Here I am again – with a cup of coffee starting my day. As I wrote yesterday, it has been a while since I’ve wanted that soothing cup to start my day. I woke up again with heavy thoughts. The 1st and 2nd Amendments to the US Constitution are indeed heavy subjects. We are living in frightening, unsettling times right now. Since I was a young child, I’ve used food as my drug of choice. I didn’t realize it then, but I now understand that I’ve struggled with emotional eating for most of my life. In recent years, I’ve gotten it under control primarily through awareness and mindfulness. We can’t fix anything unless we are aware or as “they” say: you can’t fix what you don’t know is broken. Typically my reaction to the stress and emotion of uncertainty I’ve been experiencing this year would be to eat a cheesecake. An entire cheesecake. I’m not doing that now. Instead, I’m feeling healthier, than I have for quite a while.
You can’t fix what you don’t know is broken. You have to be aware of what is broken before you can start the process of fixing it.
I’m aware that eating a cheesecake would have been my go-to response, and I’m equally aware that I have no real desire to do that. Instead, I’m drinking a cup of coffee and eating a protein chip cookie and will soon head to the gym to ride a stationary bike and do some strength training. The feeling of being healthier and lighter in body and spirit feels so much better than drugging myself with cheesecake. Maybe exercise is my new drug. I think it may be. I’m aware of that and I roll that thought around in my mind to see how it feels. It feels OK. It feels good, but I’m also very much aware of my need to keep myself balanced. Too much of a good thing is still too much. March – June I let myself get out of balance, I did too much. I was vaguely aware of it at the time, but it felt so good I kept doing it. Walking outdoors in the fresh air which is so meditative to me. Walking 5 – 9 miles a day, every day, up hills, down hills on pavement that wasn’t forgiving to my feet, and my always in a state of sprain right knee. Our bodies are ultimately in control and mind said: NOPE! That’s enough. After a week of barely being able to walk down my hallway, I have myself in better balance with my exercise. I exercise for the health of it because I can. I don’t take it for granted. I exercise my ability to improve my body, mind and spirit. Exercise truly is medicine. Dosage. It’s all in the dosage.

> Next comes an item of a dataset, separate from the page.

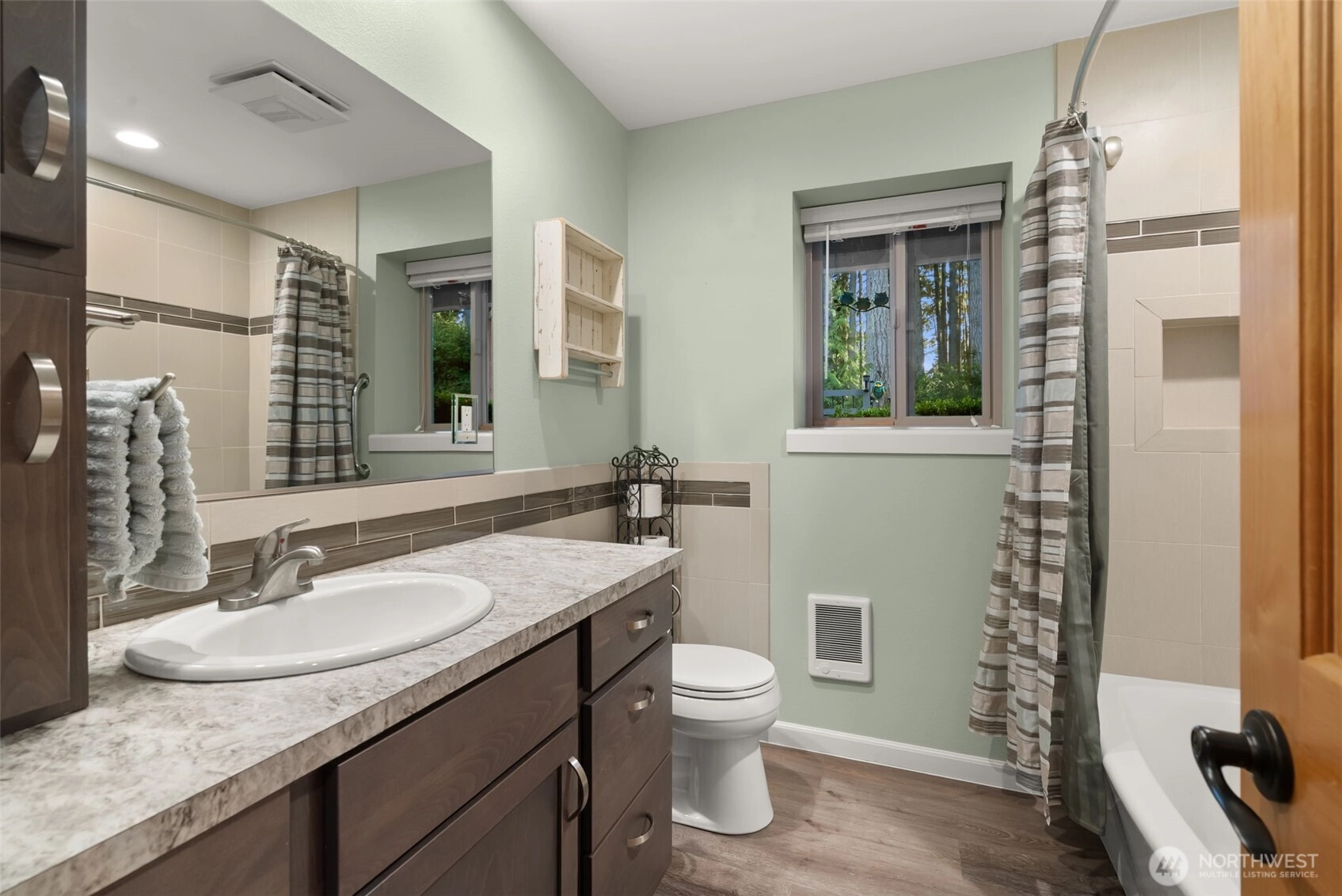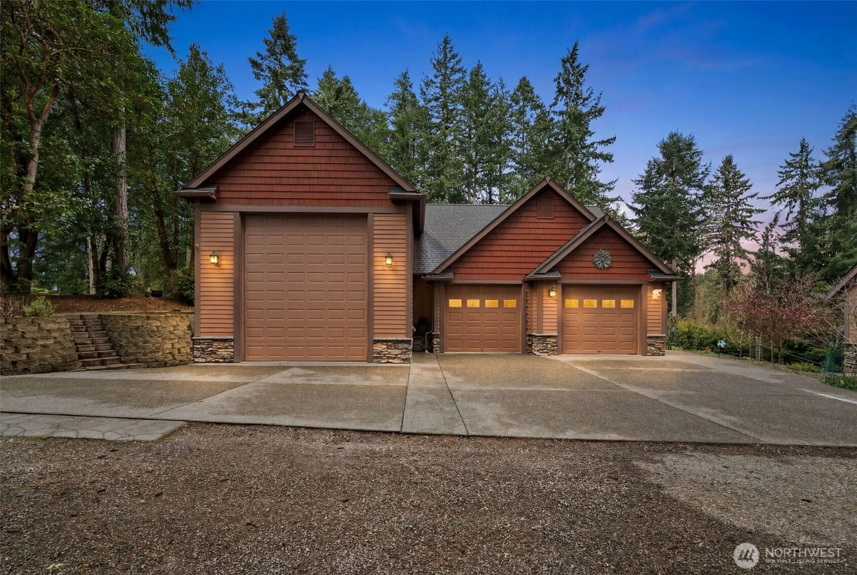 Perched above the Puget Sound, this beautifully crafted custom Anderson Island home offers refined living with sweeping Puget Sound views. The entertainer's kitchen features ample hickory cabinetry, granite countertops, Blanco sink plus high-end appliances which flows seamlessly into the great room with cozy fireplace. Steps away is a cedar sunroom & deck to capture stunning water views. Upstairs, the spacious primary suite includes a sitting area & ample deck for sunrise views, along with a luxurious en suite & large walk-in closet. The lower level offers 2 bedrooms, spacious bathroom, full kitchen & radiant heated floors, plus a separate entry with digital key code—ideal for multi-generational living or vacation rental potential. The property features a massive 2,000+ sq. ft. detached garage with 3 garage bays including a 40-ft RV bay. The fully insulated & heated garage includes a half bath & 400 sq. ft. upstairs flex space plus an on-demand generator for the home. Outside, enjoy a beautifully manicured yard with fruit trees, garden areas, & relaxing hot tub. Located near the local golf course & just 1 mile to the boat launch. This extraordinary property offers more than a home—it offers a lifestyle defined by quiet luxury & breathtaking views. A place where you arrive, exhale, & truly feel at home.

Two books that I recommend to my coaching clients are: “When you Eat at the Refrigerator, Pull up a Chair” by Geneen Roth and “Mindless Eating: Why We Eat More Than We Think” by Brian Wansink, Ph.D. I highly recommend that you give them a read. Awareness is power.
Stay HEALTHY. Be STRONG. Get AFTER It!
2 thoughts on “I’m Not Eating a Cheesecake”
As a pharmacist, I love your analogy of everything in doses! There are few things are absolutely good or bad for us – it’s all a matter of moderation – too much of a good thing turns bad, and too much a bad thing turns even worse. And there is no one dosage that works for everyone – comparison is not our friend. Just b/c it works for one person doesn’t mean that’s right for everyone!
Yes! Too much isn’t better, it’s just more. Thank you so much for reading and giving me your thoughts. Exercise truly is medicine and let’s keep spreading that good word.